The analysis conducted by the Offshore Renewable Energy (ORE) Catapult also suggests they have the potential to add £33.6bn to the UK economy between 2031 and 2050.
“Floating wind is an important counterpart to fixed offshore wind and will make an increasingly important contribution to realising the full potential of the sector,” the report explains. “Longer term, floating wind can contribute at least 10GW towards the UK achieving 50GW of offshore wind capacity by 2050 and large-scale deployment of floating wind will be imperative if the UK is to realise ambitions in excess of 50GW.”
The study looked at two different scenarios – a base case and high case. The UK accounts for a significant share of global installations in both. In the base case, 10GW of floating wind capacity is built in the UK by 2050, whilst 44GW is deployed around the rest of the world. The figures rise to 20GW and 95GW respectively in the high case.
(image courtesy of edie)
In October last year, Scotland’s first minister, Nicola Sturgeon, opened the world’s first floating windfarm located 25 kilometres off the coast of Aberdeenshire.
Stephanie Conesa, policy manager at Scottish Renewables, said: “Scotland’s deep waters, with some of Europe’s strongest winds, provide ideal conditions for the testing and deployment of floating offshore wind turbines, and are part of the reason why our seas are home to Hywind, the world’s first floating wind farm.
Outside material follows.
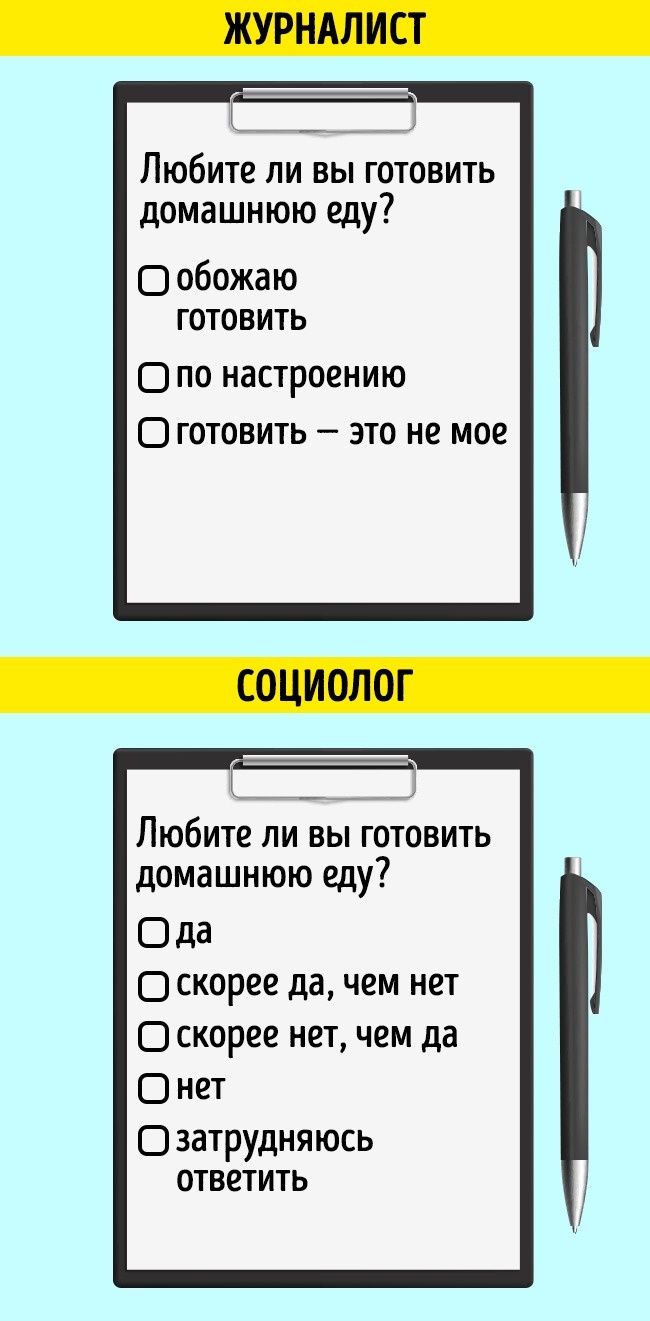 - Неправильно ставлять запитання. Щоб результати опитування можна було вважати об'єктивними, потрібно максимально неупереджено ставити запитання і формулювати передбачувані відповіді. Журналісти часто грішать емоційними формулюваннями і не враховують всю палітру думок, чим обмежують відповіді опитуваних або підштовхують їх до певної відповіді.

“The recent publication of Marine Scotland’s draft Sectoral Marine Plan for Offshore Wind Energy, which sets out potential future locations for offshore wind farms in Scotland’s seas, makes the success of floating offshore wind in Scotland more important than ever. Floating wind provides an enormous economic opportunity for Scotland and its development, as well as that of other earlier-stage technologies, has the potential to provide renewable electricity in locations where other renewable energy devices cannot be deployed.”
She said the 30MW Hywind Scotland project marked an “exciting development for renewable energy in Scotland.” The windfarm has since been upgraded with a 1MW battery storage system dubbed “Batwind”.The batteries will be used to explore how best to maximise the value of the power generated.